Поделиться через


Обучение моделей машинного обучения с помощью API AutoML Для Azure Databricks AutoML

В этой статье показано, как обучить модель с помощью Azure Databricks AutoML с помощью API Python AutoML. Дополнительные сведения см . в справочнике по API Python AutoML Для Azure Databricks.

API предоставляет функции для запуска классификации, регрессии и прогнозирования запусков AutoML. Каждый вызов функции обучает набор моделей и создает пробную записную книжку для каждой модели.

См . требования к экспериментам AutoML.

Настройка эксперимента с помощью API AutoML

В следующих шагах обычно описывается настройка эксперимента AutoML с помощью API:

  1. Создайте записную книжку и подключите ее к кластеру под управлением Databricks Runtime ML.

  2. Определите таблицу, которую вы хотите использовать из существующего источника данных или отправьте файл данных в DBFS и создайте таблицу.

  3. Чтобы запустить запуск AutoML, используйте automl.regress() или automl.classify() функцию и передайте таблицу вместе с другими параметрами обучения. Дополнительные сведения о всех функциях и параметрах см . в справочнике по API Python Для Azure Databricks AutoML.

    Например:

    summary = automl.regress(dataset=train_pdf, target_col="col_to_predict")
    
  4. После начала выполнения AutoML в консоли появляется URL-адрес эксперимента MLflow.
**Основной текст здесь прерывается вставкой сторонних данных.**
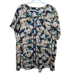 Simply Vera Vera Wang 3X Plus Size Button Down Short Sleeve Floral Print Blouse$36Long Creek, IL

Используйте этот URL-адрес для мониторинга хода выполнения. Обновите эксперимент MLflow, чтобы просмотреть пробные запуски по мере их завершения.

  5. После завершения выполнения AutoML сделайте следующее.

  • Используйте ссылки в сводке выходных данных, чтобы перейти к эксперименту MLflow или записной книжке, создающей лучшие результаты.
  • Используйте ссылку на записную книжку для изучения данных, чтобы получить аналитические сведения о данных, передаваемых в AutoML. Вы также можете подключить эту записную книжку к тому же кластеру и повторно запустить ее, чтобы воспроизвести результаты или выполнить дополнительный анализ данных.
  • Используйте сводный объект, возвращенный из вызова AutoML, чтобы получить дополнительные сведения об испытаниях или загрузить модель, обученную данным пробным запуском. Дополнительные сведения об объекте AutoMLSummary.
  • Клонируйте любую созданную записную книжку из пробных версий и повторно запустите ее, подключив ее к одному кластеру, чтобы воспроизвести результаты. Вы также можете внести необходимые изменения, повторно запустить их для обучения дополнительных моделей и войти в тот же эксперимент.

Импорт записной книжки

Чтобы импортировать записную книжку, сохраненную в качестве артефакта MLflow, используйте databricks.automl.import_notebook API Python. Дополнительные сведения см. в разделе "Импорт записной книжки"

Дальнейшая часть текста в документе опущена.